Noël passé
Publié le 25 Novembre 2005

Le long des chemins creux, les vieux arbres frileux ne portaient plus qu’une ou deux feuilles oubliées par l’automne.
Une mince couche de glace couinait sous les pas sonores. Le sol était gelé.
Un oiseau ébouriffé se glissait prestement entre les fougères roussies.
A l’école, déjà, la maîtresse nous contait des histoire, sous les globes jaune, derrière les fenêtres noires…
Pierre et le loup ! La chèvre de monsieur Seguin ! Le silence était grand, et seule, la voix de Mademoiselle Joseph raisonnait.
Parfois, une toux discrète, qui s’excusait, ou, un raclement de soulier troublaient à peine le calme de la classe.
Le poêle ronflait avec bonhomie depuis le matin.
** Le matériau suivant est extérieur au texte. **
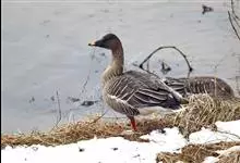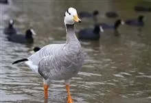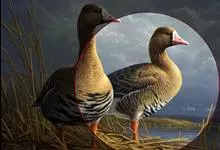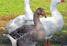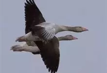 灰雁:体长70-90厘米,翼展147-182厘米,体重2.5-4千克,寿命17年。体大而肥胖。嘴、脚肉色,上体灰褐色,下体污白色,飞行时双翼拍打用力,振翅频率高。脖子较长。腿位于身体的中心支点,…全部>>

Trois jours plus tôt, en bande, nous avions traîné le sapin pour l’école sur la route enneigée, bordée de poteaux noirs chapeautés de givre.
Un chuintement léger nous accompagnait, celui du sapin traînant au sol. Les voix sonores claquaient dans l’air vif. Une buée bleutée : phooouu ! phooouu ! flottait brièvement devant les bouches.
La dernière classe avant Noël était finie.
Il n’y avait pas de grands préparatifs, à la maison…
La maison était pauvre. Il n’était pas question d’acheter un sapin.
C’était pourtant le premier Noël dans cette petite maison de campagne.
Depuis plusieurs soirs, ma mère, discrètement, cousait à la machine à coudre.
Mon père avait fait percer des trous dans un manche à balai… Que se préparait-il ?
Quelques jours avant Noël, il revint portant une brassée de petites branchettes de sapin coupées dans une haie.
Alors, il assembla les branchettes, les introduisant dans les trous, et un sapin de Noël, ingénieux, apparut dans la salle ou le fourneau répandait sa bonne chaleur.
Nous étions, mon frère et moi, ravis…
On sortit une ou deux guirlandes, du papier d’argent, et d’or, des touffettes de coton….
Etait-il beau, cet arbre ? Sans doute moins beau qu’un vrai sapin, garni de cheveux d’ange, de guirlandes multicolores, d’ampoules de couleur….
Mais c’était le sapin de l’amour, du bonheur donné, de la débrouillardise…
Du houx garni de boules rouges, du gui cueilli dans les pommiers complétaient le tableau…
Sans oublier la crèche, petite grange couverte de paille, où Jésus, Joseph, la Vierge, l’âne et le mouton se serraient tandis qu’arrivaient les rois mages…
Cette crèche était poudrée d’une neige fine, brillante… que je trouvais douce à toucher….Le soir venu, je trouvai un nounours, qui fut le compagnon de ma petite enfance….
Ma mère l’avait cousu ! Il était marron, avec de beaux yeux brillants, le dessous des pattes rouge, bouclé à souhait….
Des oranges, des bonbons, des crottes de chocolat, des sucres d’orge l’accompagnaient….
Je ne me souviens plus du repas…Sans doute, l’oncle Georges et la tante Marie vinrent nous voir, passer la soirée avec nous…
Belle saison, simplicité, le froid dehors, le fourneau bien chargé dedans.